Our study has several limitations that should be considered when interpreting the results. First, the study included patients with BM from different primary tumors; this was not included as a covariate in our models, given the limited sample size of the cohort. Second, our analyses did not consider the varying doses of corticosteroids that patients received, although this may have had effects on hematologic parameters. Third, we only included patients without any prior treatment for BM (radiotherapy/radiosurgery, immunotherapy etc.). While this was done to reduce treatment confounding effects, we recognize it limits the external validity of the study and favors the proof of concept. However, our study has a representative sample of patients with cancer and BM, and proposes an accessible test for treatment decision making in patients with BMs.

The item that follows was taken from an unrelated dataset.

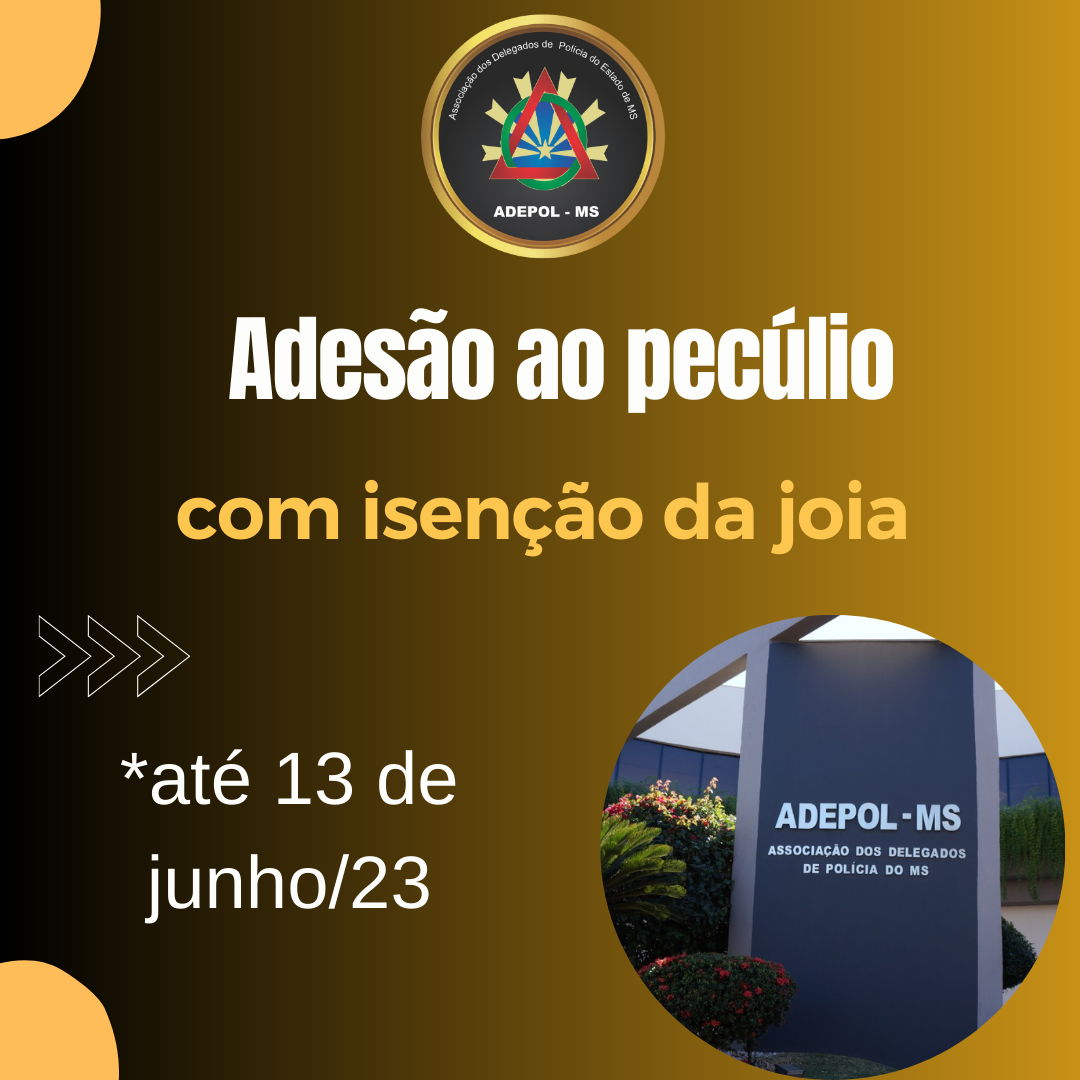 Associados da Adepol-MS têm até o dia 13 de junho para a adesão com desconto ao pecúlio da instituição. Quem fizer a adesão nesse período ficará isento do pagamento da joia, prevista no regulamento.

In conclusion, our analyses demonstrated that the preoperative NLR is associated with 1-year survival outcomes after surgery for BM, and may be an important predictor of survival, irrespective of primary cancer site. These findings further support the trend of considering serum inflammatory markers in oncologic treatment decisions. Given the complexity of this disease and its burden on patients, clinicians are tasked with carefully formulating robust treatment plans. Although additional validation studies are warranted, we believe the low cost and accessibility of accessing the NLR distribution rates favors its utility as a prognostic aide when making decisions for the management of BM. Future studies should continue to explore and validate the use of other biomarkers as prognostic factors in metastatic diseases.